◆ **Records to use**
+===+

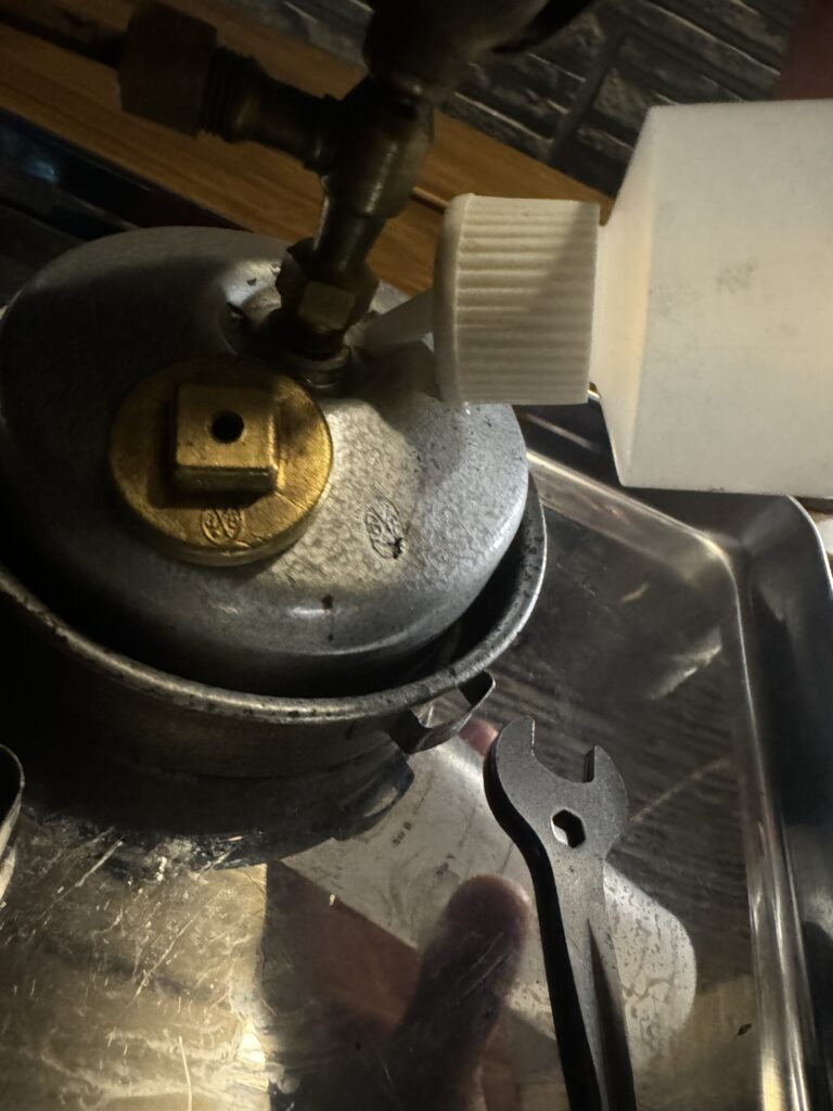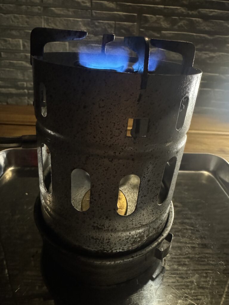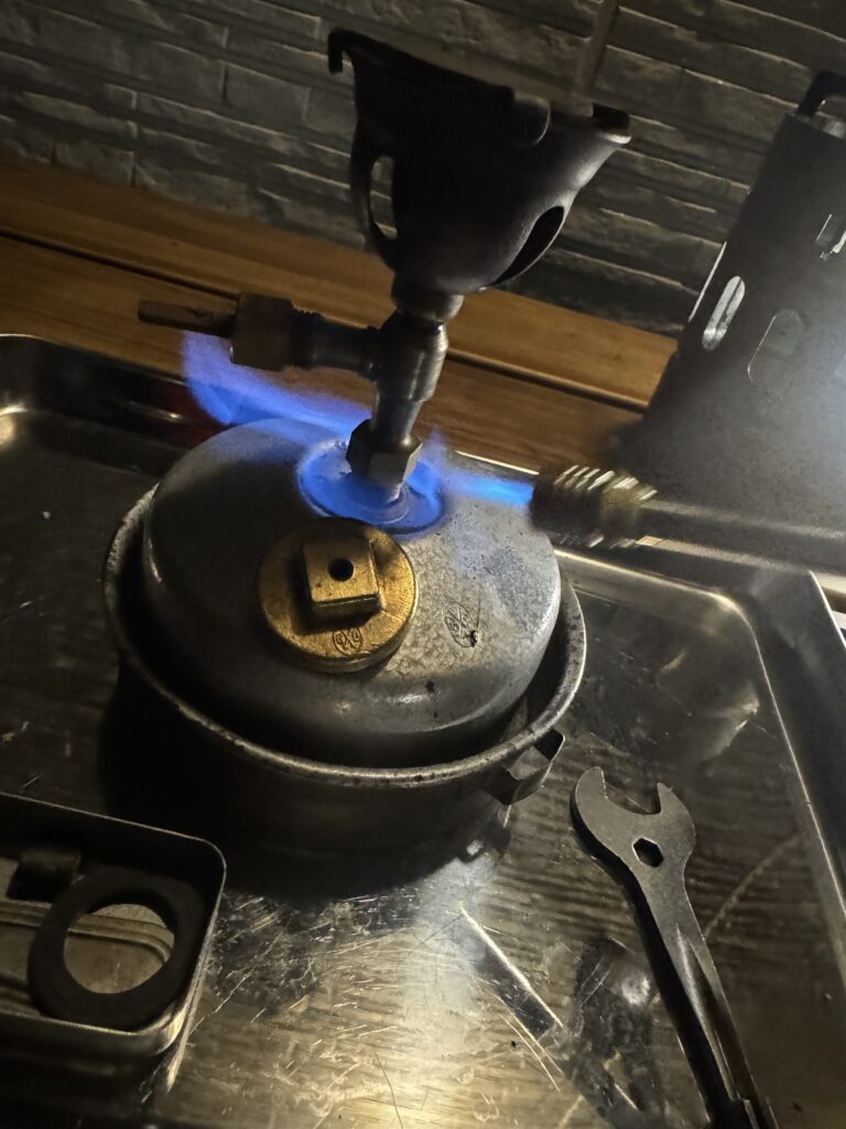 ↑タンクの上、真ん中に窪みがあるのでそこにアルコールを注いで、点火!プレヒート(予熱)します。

+===+

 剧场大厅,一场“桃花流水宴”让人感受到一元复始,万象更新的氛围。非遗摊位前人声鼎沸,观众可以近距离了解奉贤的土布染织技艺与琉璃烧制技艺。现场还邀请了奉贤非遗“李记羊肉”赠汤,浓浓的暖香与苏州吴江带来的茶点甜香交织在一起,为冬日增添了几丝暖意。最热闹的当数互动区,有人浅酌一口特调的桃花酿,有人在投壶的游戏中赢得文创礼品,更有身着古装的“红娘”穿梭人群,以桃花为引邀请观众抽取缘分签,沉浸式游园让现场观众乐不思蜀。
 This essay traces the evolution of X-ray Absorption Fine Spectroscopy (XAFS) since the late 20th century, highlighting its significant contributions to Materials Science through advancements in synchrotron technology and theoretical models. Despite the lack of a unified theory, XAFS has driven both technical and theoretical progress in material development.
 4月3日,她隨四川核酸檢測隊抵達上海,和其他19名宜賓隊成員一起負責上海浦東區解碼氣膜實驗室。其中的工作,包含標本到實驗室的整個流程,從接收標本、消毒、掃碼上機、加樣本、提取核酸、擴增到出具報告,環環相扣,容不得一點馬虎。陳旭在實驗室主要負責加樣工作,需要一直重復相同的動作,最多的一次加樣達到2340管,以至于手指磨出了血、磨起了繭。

+===+

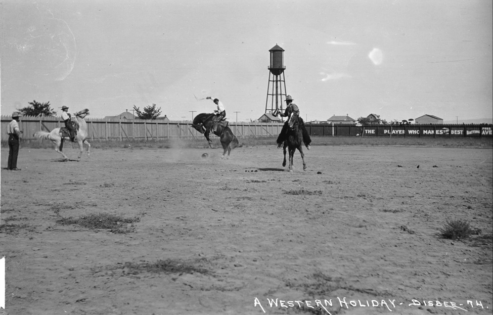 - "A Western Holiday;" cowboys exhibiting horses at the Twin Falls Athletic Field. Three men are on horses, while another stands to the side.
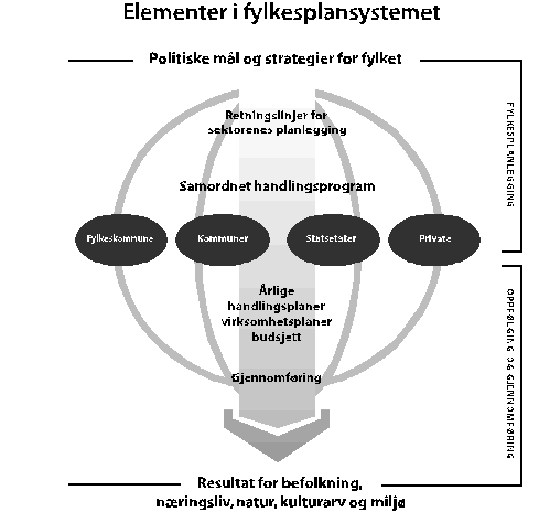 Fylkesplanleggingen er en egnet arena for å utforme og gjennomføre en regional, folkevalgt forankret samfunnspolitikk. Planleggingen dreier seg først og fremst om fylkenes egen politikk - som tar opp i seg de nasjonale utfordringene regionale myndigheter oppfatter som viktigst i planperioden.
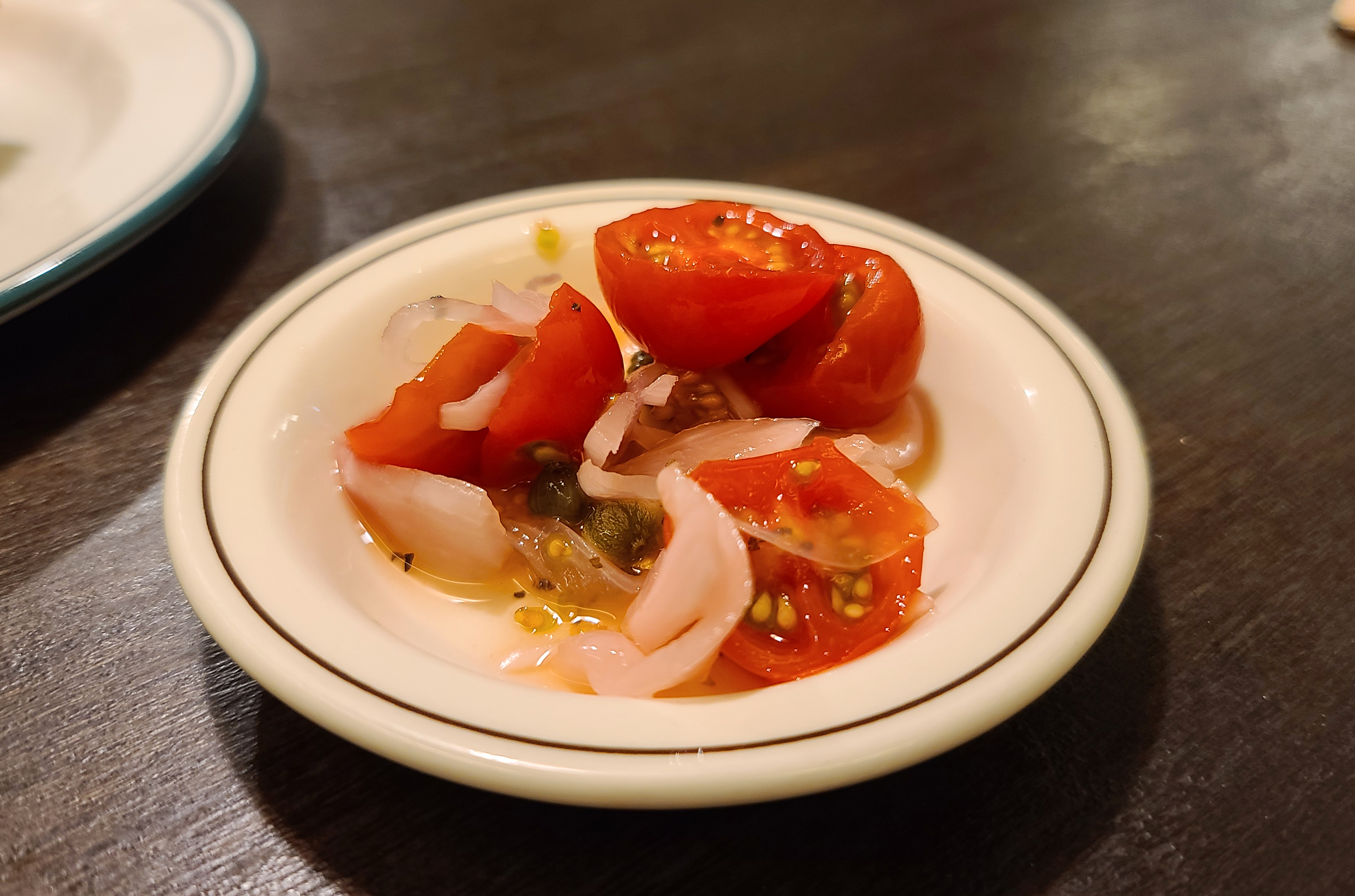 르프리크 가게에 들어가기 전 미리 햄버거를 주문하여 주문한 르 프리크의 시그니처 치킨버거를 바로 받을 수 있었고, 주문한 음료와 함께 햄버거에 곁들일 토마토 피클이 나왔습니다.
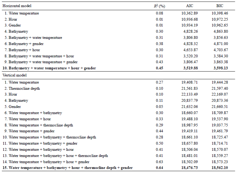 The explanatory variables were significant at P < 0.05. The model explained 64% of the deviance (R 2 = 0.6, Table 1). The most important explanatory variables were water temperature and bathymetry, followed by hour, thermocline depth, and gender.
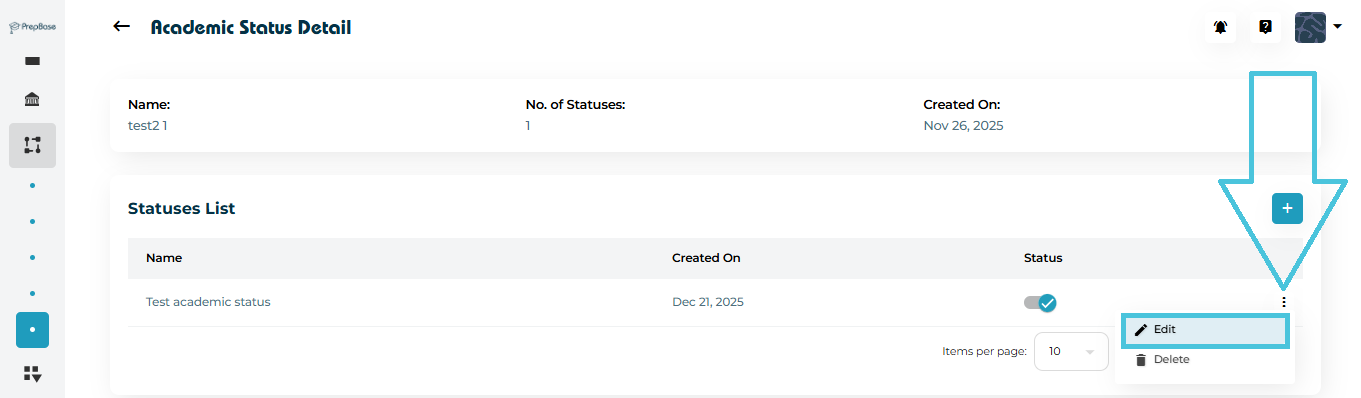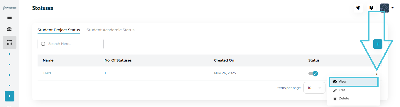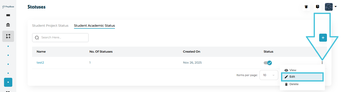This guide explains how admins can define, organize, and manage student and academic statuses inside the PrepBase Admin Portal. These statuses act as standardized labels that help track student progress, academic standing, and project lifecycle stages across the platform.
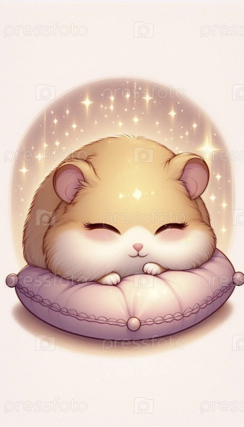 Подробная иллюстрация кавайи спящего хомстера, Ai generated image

+===+

◆ **Assigned task**
From the records above, output only the lines starting at the one containing "to the side." and ending at the one containing "르프리크 가게에 들어가기", word for word. Pictures stay out.

◆ **Task answer**
 - "A Western Holiday;" cowboys exhibiting horses at the Twin Falls Athletic Field. Three men are on horses, while another stands to the side.
 Fylkesplanleggingen er en egnet arena for å utforme og gjennomføre en regional, folkevalgt forankret samfunnspolitikk. Planleggingen dreier seg først og fremst om fylkenes egen politikk - som tar opp i seg de nasjonale utfordringene regionale myndigheter oppfatter som viktigst i planperioden.
 르프리크 가게에 들어가기 전 미리 햄버거를 주문하여 주문한 르 프리크의 시그니처 치킨버거를 바로 받을 수 있었고, 주문한 음료와 함께 햄버거에 곁들일 토마토 피클이 나왔습니다.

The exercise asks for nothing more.